#### WHAT YOU ARE ASKED TO DO
Skip all pictures, then copy the lines from the start of the data through the line with "Loose Short Sleeves", keeping both ends.

#### GIVEN DATA
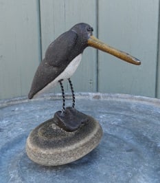 Pottery Oystercatcher, perched on a pebble from the river Tay. Handmade at the Station cat Pottery, each Oystercatcher is unique.
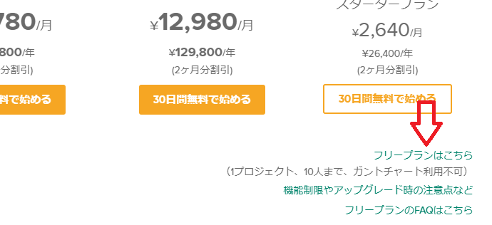 「フリープランはこちら」というリンクがあるので、
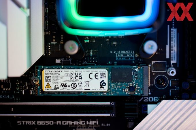 Mit Beginn der PCIe5-Ära haben wir auch unser Testsystem entsprechend aktualisiert. Als neue Grundlage dient daher ein ASUS ROG STRIX B650-A Gaming WIFI, das insgesamt vier PCIe5-Lanes der CPU für unsere Massenspeicher zur Verfügung stellt. Diese stammen vom AMD Ryzen 5 7600, der mit sechs Kernen und doppelt so vielen Threads mehr als genug CPU-Power für unsere Tests bietet. 32 GB DDR5-RAM in Form des Gigabyte Aorus Memory Kits sind außerdem verbaut, sowie zur Kühlung die Enermax AquaFusion Black 360. Zusammengehalten werden die Komponenten weiterhin im Enermax Saberay.
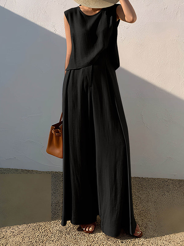 Loose Short Sleeves Hollow Solid Color Split-Joint Round-Neck Vest Top
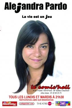 Entre stand-up et théâtre « la vie est un jeu » est une allégorie de la vie où tout est exagéré et chaque cliché poussé à son extrême. Alejandra Pardo s’inspire de ses origines sud-américaines pour dépeindre des portraits et des situations avec humour et autodérision. Entre el maestro del teatro, le danseur de tango, le latin-lover, la révolutionnaire colombienne, et bien d’autres, Alejandra Pardo tente de démontrer que la vie est riche de rencontres, de situations en tous genres, de personnages loufoques et qu’il est bon de prendre le meilleur de chaque instant, de le tourner à son avantages, comme dans un jeu stratégique. Bien sûr parfois nous perdons, mais rien n’est figé, la vie nous réserve souvent des surprises. A nous de jouer.
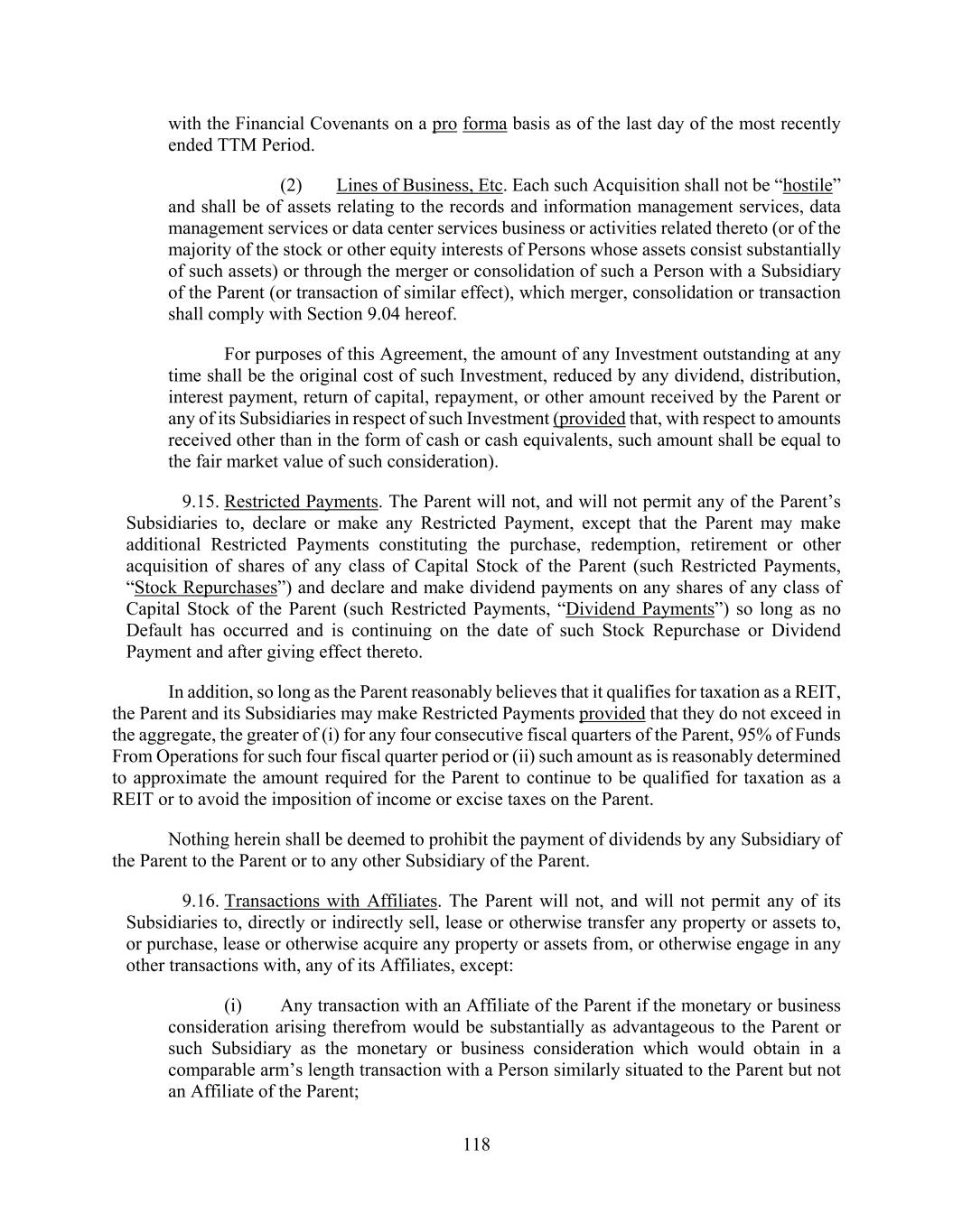 118与财务契诺在备考基础上截至最近结束的TTM期间的最后一天。(2)业务线等。每项该等收购均不得为“敌对”资产,且应为与记录和信息管理服务、数据管理服务或数据中心服务业务或与之相关的活动有关的资产(或其资产实质上由该等资产组成的人的大部分股票或其他股权)或通过该人与母公司的子公司合并或合并(或类似效果的交易),该合并、合并或交易应符合本协议第9.04条。就本协议而言,任何时间未偿还的投资金额应为该投资的原始成本,减去母公司或其任何子公司就该投资收到的任何股息、分配、利息支付、资本返还、还款或其他金额(但就非以现金或现金等价物形式收到的金额而言,该金额应等于该对价的公允市场价值)。9.15.受限制的付款。母公司不会、也不会容许母公司的任何附属公司申报或作出任何受限制的付款,但母公司可作出额外的受限制付款,构成购买、赎回、报废或以其他方式取得母公司任何类别股本的股份(该等受限制付款,“股票回购”),并就母公司任何类别股本的任何股份申报及作出股息支付(该等受限制付款,“股息支付”),只要没有发生违约,并且在此类股票回购或股息支付之日并在其生效后仍在继续。此外,只要母公司合理地认为其有资格作为REIT纳税,母公司及其子公司可以进行限制性付款,但条件是这些款项的总额不超过(i)母公司任何连续四个财政季度、该四个财政季度期间运营资金的95%或(ii)合理确定的金额,以近似于母公司继续有资格作为REIT纳税或避免对母公司征收所得税或消费税所需的金额,两者中的较高者。此处的任何内容均不应被视为禁止母公司的任何子公司向母公司或母公司的任何其他子公司支付股息。9.16.与关联公司的交易。母公司不会、也不会允许其任何附属公司直接或间接向其任何附属公司出售、租赁或以其他方式转让任何财产或资产,或向其任何附属公司购买、租赁或以其他方式取得任何财产或资产,或以其他方式与其进行任何其他交易,但以下情况除外:(i)与母公司的关联公司进行的任何交易,如果由此产生的货币或业务对价对母公司或此类子公司的好处与在与与母公司类似但不是母公司关联公司的人进行的可比公平交易中获得的货币或业务对价大致相同;

#### THE ANSWER
 Pottery Oystercatcher, perched on a pebble from the river Tay. Handmade at the Station cat Pottery, each Oystercatcher is unique.
 「フリープランはこちら」というリンクがあるので、
 Mit Beginn der PCIe5-Ära haben wir auch unser Testsystem entsprechend aktualisiert. Als neue Grundlage dient daher ein ASUS ROG STRIX B650-A Gaming WIFI, das insgesamt vier PCIe5-Lanes der CPU für unsere Massenspeicher zur Verfügung stellt. Diese stammen vom AMD Ryzen 5 7600, der mit sechs Kernen und doppelt so vielen Threads mehr als genug CPU-Power für unsere Tests bietet. 32 GB DDR5-RAM in Form des Gigabyte Aorus Memory Kits sind außerdem verbaut, sowie zur Kühlung die Enermax AquaFusion Black 360. Zusammengehalten werden die Komponenten weiterhin im Enermax Saberay.
 Loose Short Sleeves Hollow Solid Color Split-Joint Round-Neck Vest Top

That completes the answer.